Methods of organization at nanoscale belong to the key problems that transcend different areas of nanotechnology. Self-organization phenomena can be regarded as convenient tools to obtain intricate nanoscale systems with a variety of potential functionalities, such as optical, electrical, thermal transport properties. In this presentation, I will review self-organization phenomena taking place with semiconductor nanocolloids starting with supercrystals from nearly spherical nanoparticles  and nanoparticle bioconjugates  to 1D  and 2D assemblies . Comparison of the processes in solution of CdTe and other nanocolloids reveals a number of surprising similarities with processes in proteins. The conclusion that will be reached that this is the result of fundamental analogy in the scales between proteins and nanoparticles.

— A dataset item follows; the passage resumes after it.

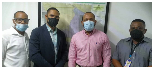
Reunión con Dir. medio Ambiente

EL DEPARTAMENTO DE PLANEAMIENTO URBANO DE LA MANO DEL ALCALDE MUNICIPAL SIEMPRE CON LAS MEJORES PROPUESTAS Y EL MEJOR DESEO DE AYUDAR.

1. Shevchenko, Elena V.; Talapin, Dmitri V.; Kotov, Nicholas A.; O'Brien, Stephen; Murray, Christopher B. Structural diversity in binary nanoparticle superlattices. Nature 2006, 439(7072), 55-59;
2. Mamedova,N. N.; Kotov, N.A.; Rogach, A. L.; Studer J.; Protein - CdTe Nanoparticle Conjugates: Preparation, Structure And Interunit Energy Transfer, Nano Letters, 2001, 1(6), 281-286;
3. Tang, Z,; Kotov, N. A.; Giersig, M.; Spontaneous Organization of Single CdTe Nanoparticles Into Luminescent Nanowires, Science, 2002, 297 (5579), 237-240;
4. Tang, Z. Y.; Zhang, Z. L.; Wang, Y. W. Glotzer, S.; Kotov, N. A. Self-Assembly of CdTe Nanocrystals Into Free-Floating Sheets; Science, 2006, in press.